Me había encantado Medea cuando lo visité hace pocos meses. Hasta me recordó al primer DiverXo, lo cual son palabras mayores. Se lo conté aquí así como que lo peor -en eso me lo recordaba mucho- era el feísimo local en el que estaba. Ahora ya no hay peros. Se han trasladado a un precioso local en Chamberi, todo negro y con techo de uralita de plata, manteles blancos y unos bellos ventanales que dan a esa apacible y elegante calle.

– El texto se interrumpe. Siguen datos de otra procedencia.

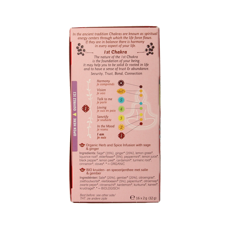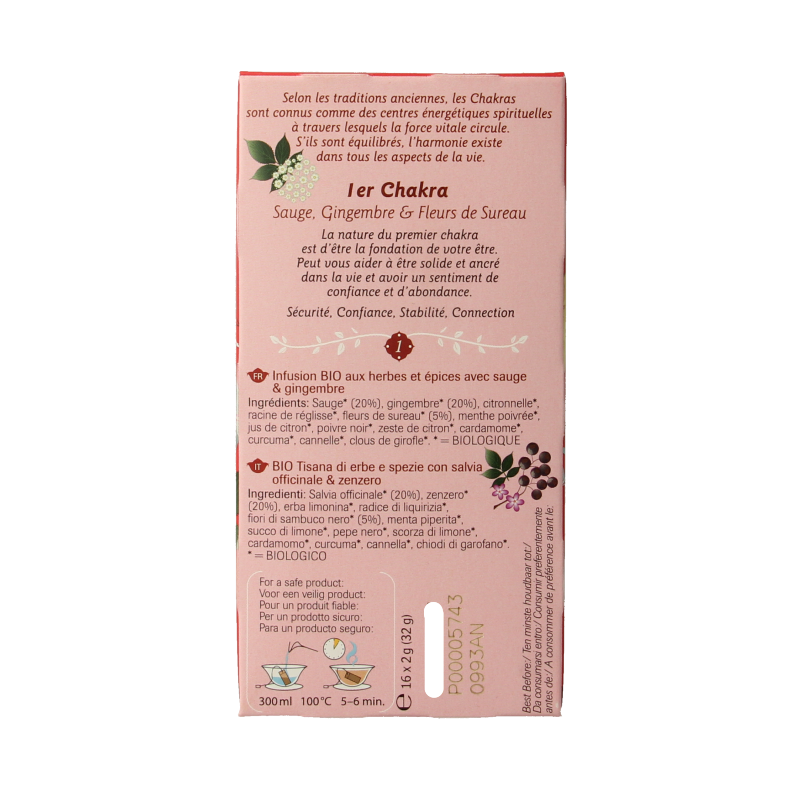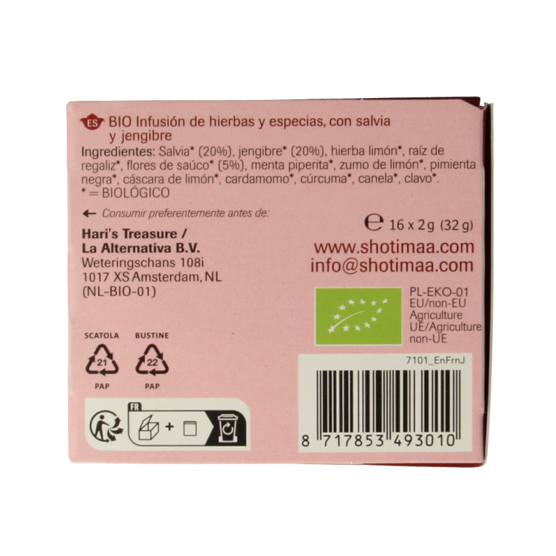Salie* (20%), gember* (20%), citroengras*, zoethoutwortel*, vlierbloesem* (5%), pepermunt*, citroensap*, zwarte peper*, citroenschil*, kardemom*, kurkuma*, kaneel*, kruidnagel*.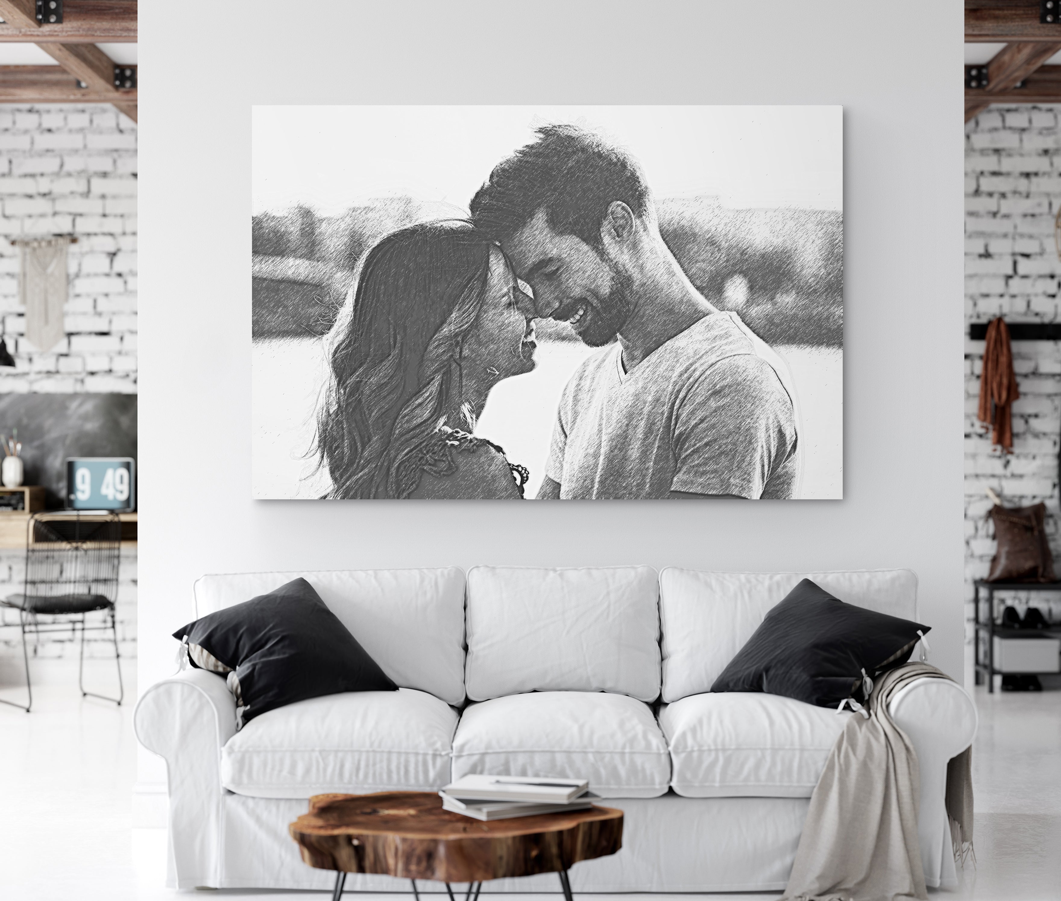The wonderful thing about this personalized canvas wall art is that we can take any image you have and digitally reproduce it so that it looks like it was sketched in pencil by an artist! The end result is truly a work of art and makes for a great gift for her or gift for him!

Muy sencillo, muy elegante y nada caro. Prueba que el buen gusto va por delante del dinero. Siempre. La sorpresa ha sido mayúscula, porque repetíamos a pesar de todo y nos hemos encontrado con esta sorpresa de la mudanza cuando tenía solo un día. Por tanto, esta es la crónica del gran estreno.

Nuevamente hemos optado por el generoso menú corto que cuesta 55€. Empieza con unos boquerones ahumados y marinados en kimchi, un toque de ají amarillo y gel de pepino. Una muy buena mezcla de sabores, equilibrada y chispeante.

Habíamos probado ya el buen taco mexicanocoreano que es una hoja de lechuga con una pequeña hamburguesa de pollo con kimchi y miel y un suavemente picante aliño mexicano a base de guacamole y tomate picante; una variante del pico de gallo hecha con siracha.

La croqueta de ají peruano es extraordinariamente crujiente y con el justo toque picante del ají. Una croqueta convencional con un relleno sorprendente y delicioso.

Chicken pakora ramen tiene como base un caldo fermentado en miso dos semanas y una crujiente pechuga de pollo macerada y frita. La pasta es densa y gruesa, lo que hace que me guste más que un ramen normal del que, confieso, no soy muy fan. Este me encanta y el fermentado del caldo lo justifica por sí solo.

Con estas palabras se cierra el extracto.